No. “I’ll help you.”
Shari’s hands squeeze mine and her face clenches as a contraction takes over her body. Her foul-smelling breath pants past chipped and dirty teeth, but her blue eyes look fresh and young like some you might find a five-year-old possess. “I don’t want her. I want you to take her.”
I shake my head again. “Just concentrate on what we’re doing here today. You’ll change your mind once you meet her.”
“No--”
“Are you excited?” I smile as big as I can manage, though I don’t feel it at all. “You’re going to meet your baby today. Your baby girl, Shari. She’s a tiny version of you, are you excited?”
“Not like me.” She shakes her head and cries and begs. “Not like me. Like you. Don’t let her be like me.”
“Alright. Get ready.” The head OB turns back to us. “One more push, Shari. One more, it should be easy. Are you ready?”
“No.”
His cold eyes actually turn soft for half a beat. “Get ready. Push when I tell you. Three… Two…”
Shari squeezes my hand painfully before he even finishes counting, but just like predicted, it was ‘easy,’ and the hive of activity around us turns into overdrive as I catch sight of a tiny, skinny baby that more resembles a hairless cat.
My eyes don’t leave the baby, but Shari’s don’t leave me. “Please take care of her, Ms. Samantha.” Her eyes spill over, but at least her taut body begins to relax as people work around us.
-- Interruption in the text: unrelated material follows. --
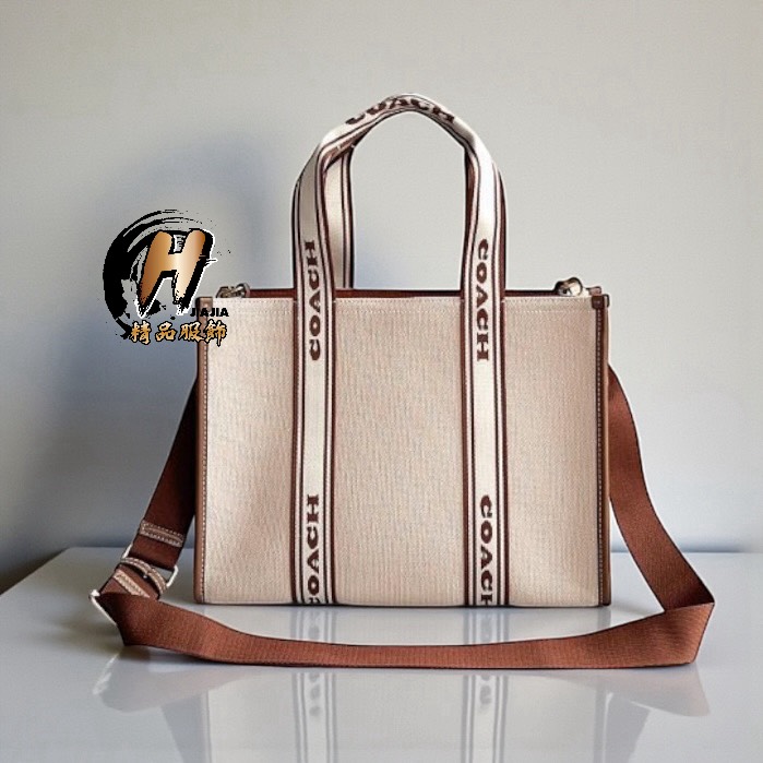 COACH 新款SMITH TOTE 34帆布拼皮 奶茶白 大款 手提托特包 斜背包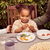 Divertimento per i piùpiccoli! Completo set pappa con allegre fantasie a rane per rendere divertente il momento del pranzo. Il set pappa piùcompleto Il set di 5 pezzi si compone di un piatto piano per alimenti solidi; una ciotola per le pappe; una forchetta e un cucchiaio dalle dimensioni ideali per le prime pappe del bambino e un bicchiere. Per imparare a mangiare da soli. Grazie alle studiate dimensioni, la forchetta e il cucchiaio aiuteranno i piccoli della casa a mangiare in modo autonomo. Inoltre, bevendo dal loro bicchiere, aperto e dalle dimensioni studiate, impareranno a sostenerlo e a bere senza bagnarsi. Si completa con gli altri pezzi del set per rendere il pranzo un momento divertente. Materiali naturali Fabbricato con materiali 100% naturali e durevoli, questo set leggero ma robusto èideale per insegnare ai piùpiccoli l’importanza della cura dell’ambiente e del rispetto del mondo in cui cresceranno. Idoneo per lavastoviglieTutti i pezzi di questo set possono essere lavati comodamente in lavastoviglie.

Instantly the baby is taken to the opposite side of the room and ninety percent of the medical personnel follow her.
Barbara stays with us, cleaning up near Shari’s legs and softly reassuring us with repetitive words of encouragement.
Like a funeral processional, the group of doctors and nurses create a protective perimeter around the baby’s tiny bed, then they rush her away without a word.
They didn’t announce a healthy baby.
They didn’t confirm if she was a she.
They didn’t ask her name or offer skin-to-skin time with her mother.
They simply discarded Shari like she was inhuman, and not needing her anymore, they left.
“She’s okay,” Barbara announces softly, as though she can read my thoughts. “They’re taking her straight to the NICU. We’ll get you cleaned up, then we’ll see what we can do about going to see her.”
“Will she be okay?”
“So far so good, Mama.”
“When can I see her?”
“A few hours, I think. You can rest for now while I clean you up. I’ll get you in to see her as soon as I can.”